The socio-cultural impacts of tourism described here are the effects on host communities of direct and indirect relations with tourists, and of interaction with the tourism industry. For a variety of reasons, host communities often are the weaker party in interactions with their guests and service providers, leveraging any influence they might have. These influences are not always apparent, as they are difficult to measure, depend on value judgments and are often indirect or hard to identify.
The impacts arise when tourism brings about changes in value systems and behaviour and thereby threatens indigenous identity. Furthermore, changes often occur in community structure, family relationships, collective traditional life styles, ceremonies and morality. But tourism can also generate positive impacts as it can serve as a supportive force for peace, foster pride in cultural traditions and help avoid urban relocation by creating local jobs. As often happens when different cultures meet, socio-cultural impacts are ambiguous: the same objectively described impacts are seen as beneficial by some groups, and are perceived as negative - or as having negative aspects - by other stakeholders.

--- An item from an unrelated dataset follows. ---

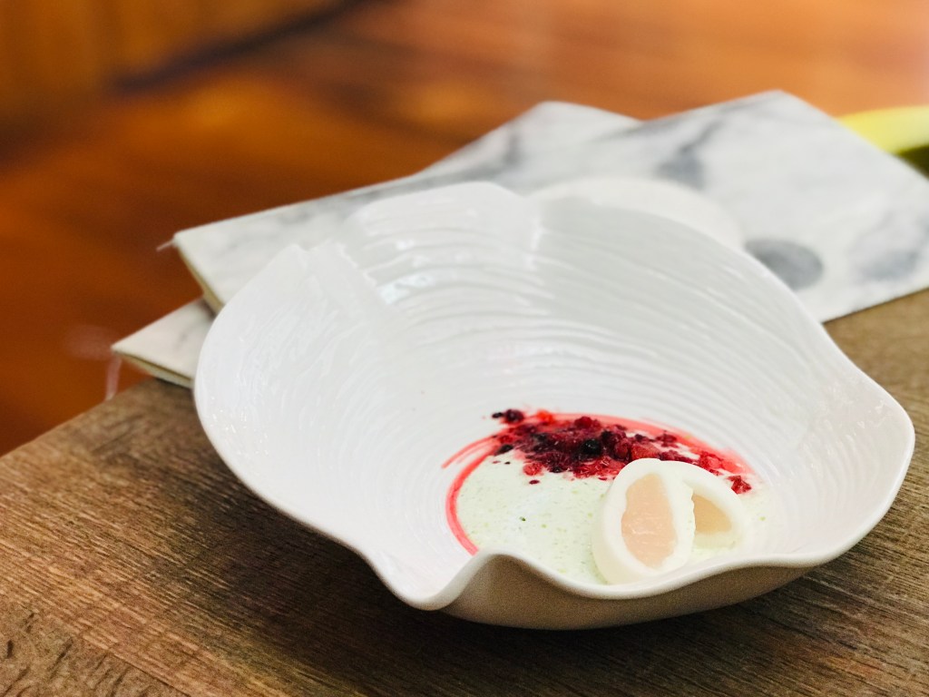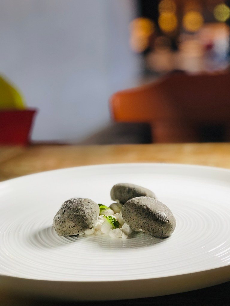 在 amuse bouche 之後上桌的是一整碗「石頭」,有黑有白,延續 chef Constant 在 JE kitchen 時期討論度很高的一道菜式,以海鮮高湯和牛奶包覆生食鹽漬干貝,軟軟嫩嫩,這一季秋天搭配莓果冰沙襯托,滋味清甜,再現西班牙餐廳〈Mugaritz〉主廚 Andoni Luis Aduriz 的作品,頗有像經典致敬的味道, chef Constant 再加強力道前後呼應,秋季菜單收尾的甜點端上「石頭 2.0」,以伯爵紅茶粉末加上稻草炭粉包覆蘋果白蘭地慕斯,幾可亂真。

NEGATIVE SOCIO CULTURAL IMPACTS OF TOURISM
Tourism can cause change or loss of local identity and values, brought about by several closely related influences:
Commodification
Tourism can turn local cultures into commodities when religious rituals, traditional ethnic rites and festivals are reduced and sanitized to conform to tourist expectations, resulting in what has been called "reconstructed ethnicity." Once a destination is sold as a tourism product, and the tourism demand for souvenirs, arts, entertainment and other commodities begins to exert influence, basic changes in human values may occur. Sacred sites and objects may not be respected when they are perceived as goods to trade.